This article explains about porting custom ALSA based audio codec driver in Linux BSP. I have taken audio codec wm8960 and NXP’s IMX7 processor as an example. The source code for this linux BSP is available here under GNU General Public License.
Advanced Linux Sound Architecture (ALSA)
Advanced Linux Sound Architecture (ALSA) is a software framework and part of the Linux kernel that provides an application programming interface (API) for sound card device drivers. Some of the goals of the ALSA project at its inception were automatic configuration of sound-card hardware and graceful handling of multiple sound devices in a system. ALSA is released under the GNU General Public License (GPL) and the GNU Lesser General Public License (LGPL).
The overall project goal of the ALSA System on Chip (ASoC) layer is to provide better ALSA support for embedded system on chip procesors (e.g. pxa2xx, au1x00, iMX, etc) and portable audio codecs.

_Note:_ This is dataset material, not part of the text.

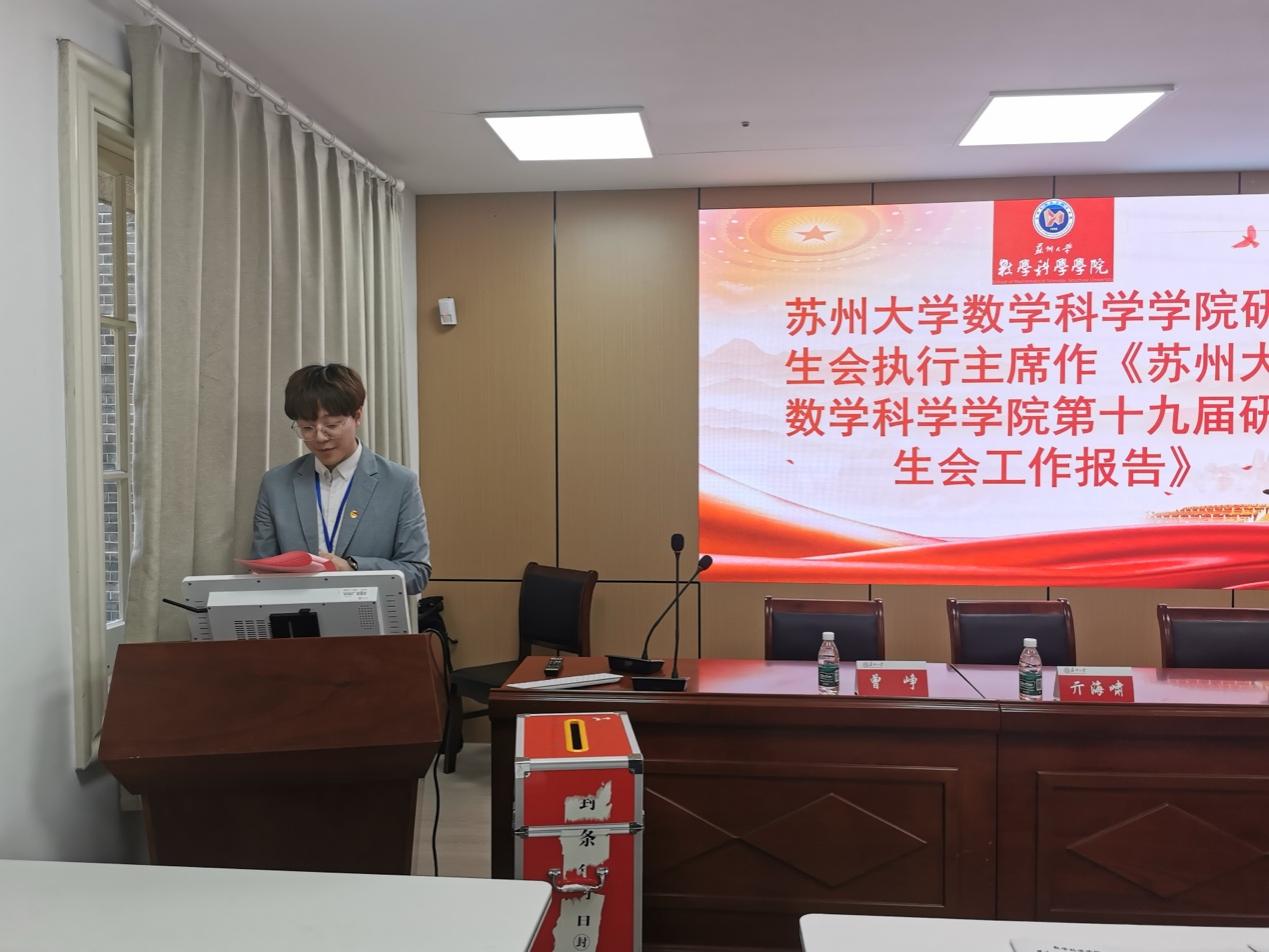 正式会议中,院研究生会执行主席陈龙潜同学代表第十八届研究生委员会作《苏州大学数学科学学院第十八届研究生会工作报告》。与会代表分别审议通过了《苏州大学数学科学学院研究生会章程(2024年修订案)》、大会选举办法、监票人、计票人名单。与会代表根据大会选举办法,坚持公平公正的原则,经无记名投票选举新一届数学科学学院研究生会主席团、研究生委员会。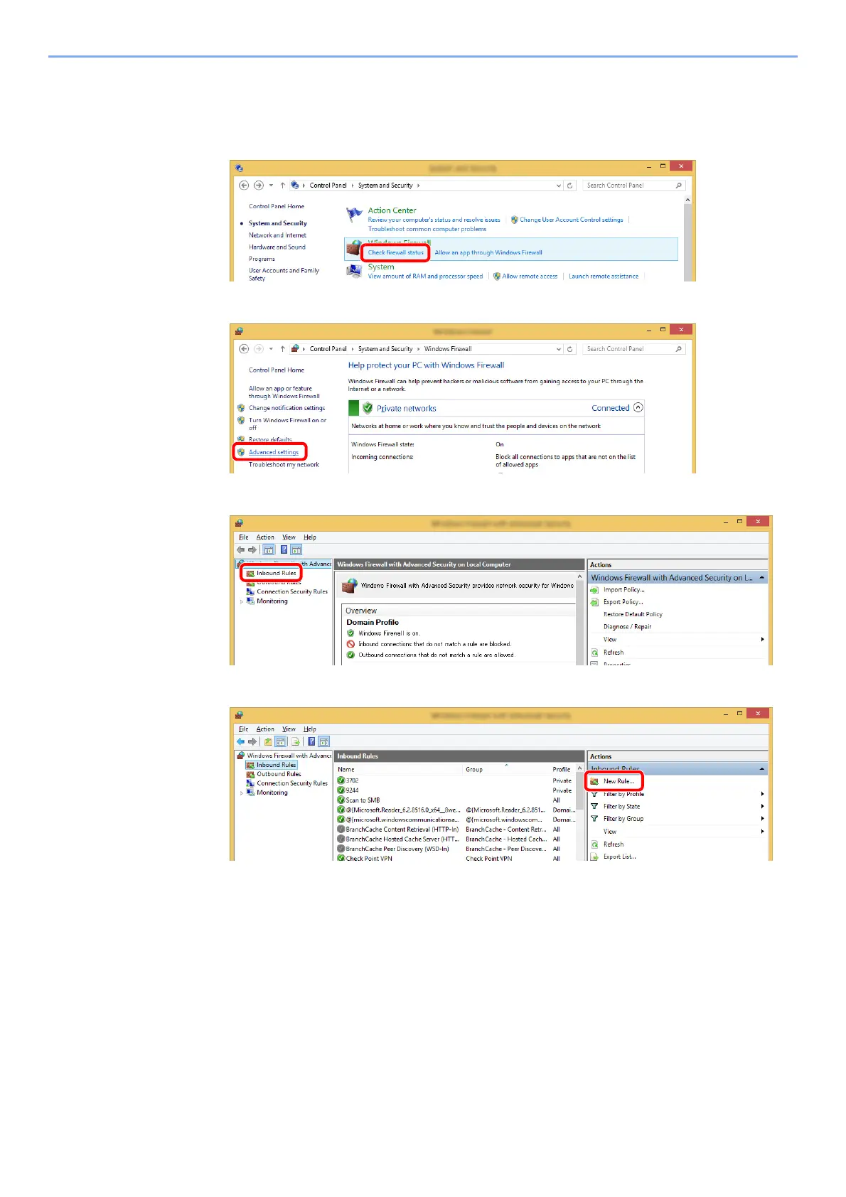 1 In charms on Desktop, click [Settings], [Control Panel], [System and Security], and

Typically, ALSA supports up to eight cards, numbered 0 through 7; each card is a physical or logical kernel device capable of input and output. Furthermore, each card may also be addressed by its ID, which is an explanatory string such as “Headset” or “mic”. A card has devices, numbered starting at 0; a device may be of playback type, meaning it outputs sound from the computer, or some other type such as capture, control, timer, or sequencer. Device number 0 is used by default when no particular device is specified.
A device may have subdevices, numbered starting at 0; a subdevice represents some relevant sound endpoint for the device, such as a speaker pair. If the subdevice is not specified, or if subdevice number −1 is specified, then any available subdevice is used.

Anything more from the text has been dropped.